Amid growing scrutiny of corporate environmental disclosures, concerns have intensified regarding the prevalence of greenwashing. Although the rapid advancement of artificial intelligence (AI) has drawn increasing attention for its transformative potential in corporate governance, its implications for environmental disclosure have only begun to receive scholarly attention and warrant further investigation. This paper investigates the impact of artificial intelligence adoption on corporate greenwashing using a panel dataset of Chinese A-share listed firms from 2011 to 2022. Leveraging a novel AI adoption index derived from a fine-tuned large language model (LLM), we conduct empirical tests to assess the relationship between AI use and firms’ greenwashing strategies.

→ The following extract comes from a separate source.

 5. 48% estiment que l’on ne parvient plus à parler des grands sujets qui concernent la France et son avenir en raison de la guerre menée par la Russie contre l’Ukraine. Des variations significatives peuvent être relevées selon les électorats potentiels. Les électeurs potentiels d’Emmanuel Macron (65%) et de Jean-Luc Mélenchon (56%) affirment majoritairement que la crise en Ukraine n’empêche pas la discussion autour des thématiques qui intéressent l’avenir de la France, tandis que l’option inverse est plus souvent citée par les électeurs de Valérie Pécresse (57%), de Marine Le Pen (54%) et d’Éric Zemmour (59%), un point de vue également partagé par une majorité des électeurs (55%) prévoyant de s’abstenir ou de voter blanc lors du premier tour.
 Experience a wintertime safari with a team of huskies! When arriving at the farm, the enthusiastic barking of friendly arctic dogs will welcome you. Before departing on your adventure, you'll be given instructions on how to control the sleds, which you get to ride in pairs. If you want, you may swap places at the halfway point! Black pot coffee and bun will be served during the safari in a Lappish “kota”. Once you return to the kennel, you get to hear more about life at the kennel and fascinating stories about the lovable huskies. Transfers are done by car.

Our findings reveal that AI adoption significantly reduces the incidence of greenwashing, which remains robust across multiple validation checks. Decomposition analysis across different technological categories shows that planning and decision systems constitute the most influential strand of AI in curbing greenwashing. Mechanism analysis indicates that this effect operates through enhanced operational efficiency, improved human capital structure, and increased green innovation. Additional heterogeneity analysis across subsamples reveals that the deterrent impact exhibits greater intensity in firms characterized by non-state-owned firms, polluting sectors, and technology-intensive enterprises. By highlighting the governance potential of AI in promoting credible environmental disclosure, this study provides new empirical evidence on the intersection of digital transformation and corporate sustainability.

Suggested Citation

  • He, Ling-Yun & Wang, Liang, 2025. "Can artificial intelligence curb greenwashing? Firm-level evidence based on large language model," Energy Economics, Elsevier, vol. 152(C).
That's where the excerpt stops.